Return the data exactly, apart from leaving out the pictures.

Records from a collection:

== Segment start ==

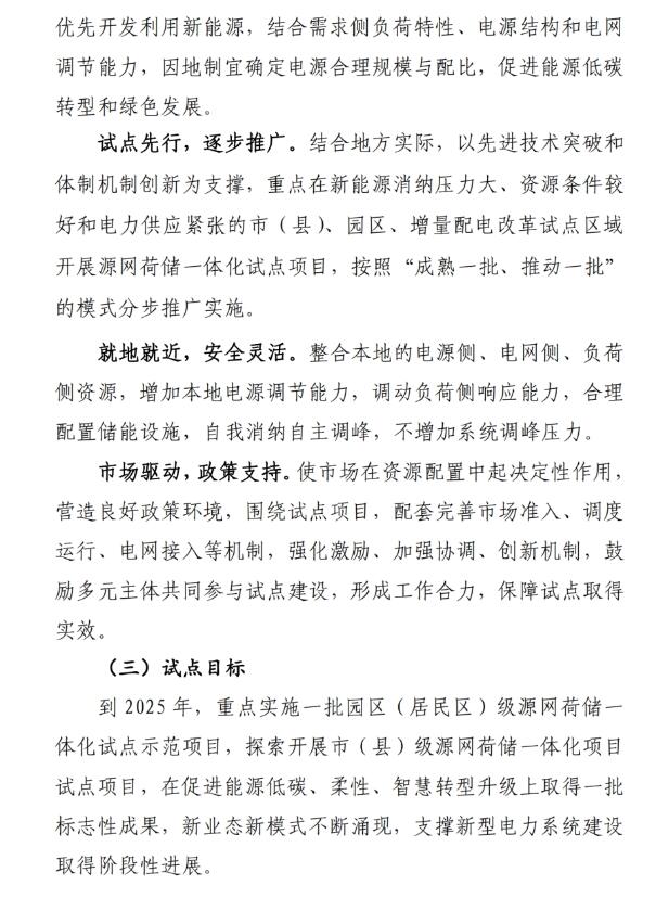 試點目標:到2025年,重點實施一批園區(qū)(居民區(qū))級源網(wǎng)荷儲一體化試點示范項目,探索開展市(縣)級源網(wǎng)荷儲一體化項目試點項目,在促進能源低碳、柔性、智慧轉(zhuǎn)型升級上取得一批標志性成果,新業(yè)態(tài)新模式不斷涌現(xiàn),支撐新型電力系統(tǒng)建設取得階段性進展。
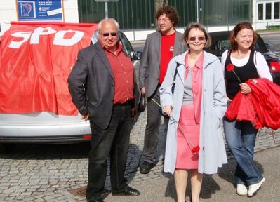 Kreisvorsitzender Werner Müller, Europaabgeordnete Evelyne Gebhardt, Michael Wanner, Vorsitzender der SPD-Schw. Hall, Annette Sawade
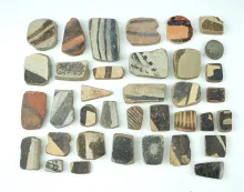 Set of 36 anciently salvaged pottery shards sanded into various shapes. All found in New Mexico. |
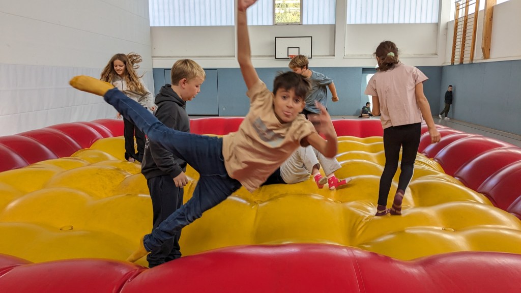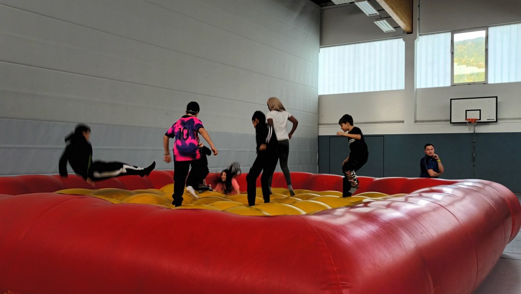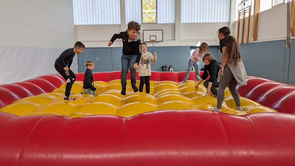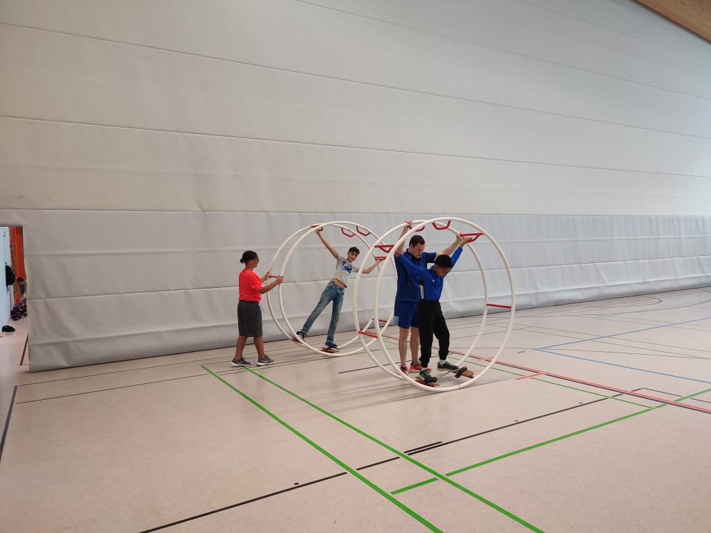 Bei dem umfangreichen Sportprogramm (Rhönrad, Biathlon, Klettern, Soccer-Golf, Air-Tramp) und während des Aufenthaltes im Camp ging es neben dem Spaß an der Bewegung natürlich darum, sich untereinander kennen zu lernen, Freundschaften zu schließen und zu erleben, zu wem man Vertrauen aufbauen kann.
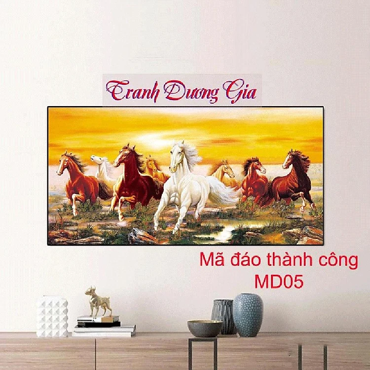 Tranh tráng gương, tranh treo phòng khách mã đáo thành công, sang- bền-đẹp

== Segment end ==

Output below:
 試點目標:到2025年,重點實施一批園區(qū)(居民區(qū))級源網(wǎng)荷儲一體化試點示范項目,探索開展市(縣)級源網(wǎng)荷儲一體化項目試點項目,在促進能源低碳、柔性、智慧轉(zhuǎn)型升級上取得一批標志性成果,新業(yè)態(tài)新模式不斷涌現(xiàn),支撐新型電力系統(tǒng)建設取得階段性進展。
 Kreisvorsitzender Werner Müller, Europaabgeordnete Evelyne Gebhardt, Michael Wanner, Vorsitzender der SPD-Schw. Hall, Annette Sawade
 Set of 36 anciently salvaged pottery shards sanded into various shapes. All found in New Mexico. |
 Bei dem umfangreichen Sportprogramm (Rhönrad, Biathlon, Klettern, Soccer-Golf, Air-Tramp) und während des Aufenthaltes im Camp ging es neben dem Spaß an der Bewegung natürlich darum, sich untereinander kennen zu lernen, Freundschaften zu schließen und zu erleben, zu wem man Vertrauen aufbauen kann.
 Tranh tráng gương, tranh treo phòng khách mã đáo thành công, sang- bền-đẹp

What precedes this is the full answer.